Source: CSM Piper Sandler, September 23, 2022

Powell’s first bear market occurred in 2018 after a number of rate hikes and hawkish comments by the chairman in early October.  By 2019 the Fed was easing and stocks rallied 31.5% for the year despite mid-single digit earnings growth on expectations that lower interest rates would spark economic growth.

The policy error has occurred.  The market is terrified the Fed will go too far.  For now, all we can do is wait and watch the potential wreck that can come when the driver is focused on the rearview. 

What can there possibly be to be optimistic about?

Tech capex spending for one. Chief Information Officers recently surveyed showed that spending priorities are software and cyber security.  78% have increased their budget in 2022 and  86% have increased spending on software (only 27% of total budgets, with room to grow).  The number one spending priority for CIO’s is security.  And the biggest beneficiary of tech capex spend?  Microsoft.  The company ranked among the highest for spending in 2022, but importantly it ranked the highest for spending through 2025.  We stand by the cloud and security companies in our 12 Best Ideas portfolio:  MSFT, AMZN and PANW.  We are using weakness to add to these names for the next three- to five-years, among others.  The secular trends in technology spending will not only improve productivity but serve as a source of labor in a tight labor market.  Spending on robotics (which is captured in old economy capex, thereby understating the spend on tech capex) in the second quarter totaled $585M, representing 25% more units year over year.

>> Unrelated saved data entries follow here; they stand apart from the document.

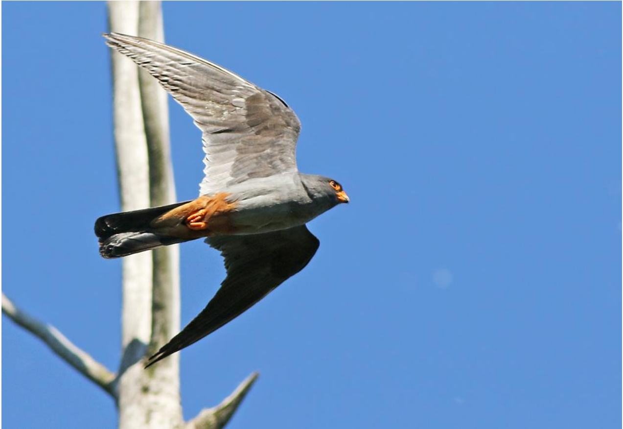
Aftonfalk, adult hane, Plopul, 170529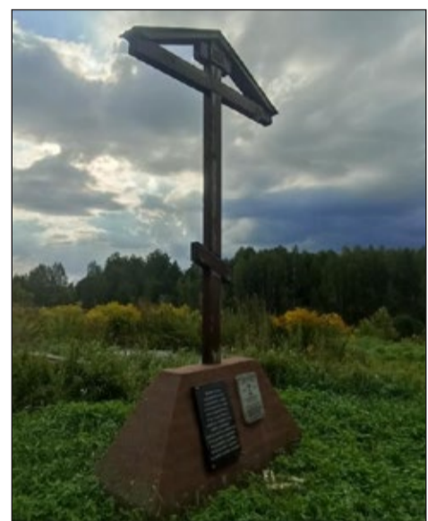
Начаты восстановительные работы.

В настоящее время здание храма возвращено Брянской Епархии.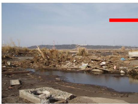
北萱浜地区集落全滅(2011.4.7)

Source: CSM Piper Sandler, September 26, 2022

A different kind of recession.

This not a typical recession driven by housing or weak financial institutions.  Rather, this recession is being engineered by the Fed.  We have two observations.  First, if you look at the Fed’s own projections it would seem the Fed still expects a soft landing.  That might explain why the committee members continue to pound the hawkish war drum. 

We are suspicious of this forecast because we expect the economy to go into recession if we are not already there.  Regardless, financial conditions have tightened considerably (coincident with previous recessions) which is certainly one of the Fed’s goals.  The chart below from our friends at Alpine Macro illustrates this.

We will be watching JOLTS this week along with initial jobless claims and non-farm payrolls. We are also focused on the stubbornly high PMIs being reported today.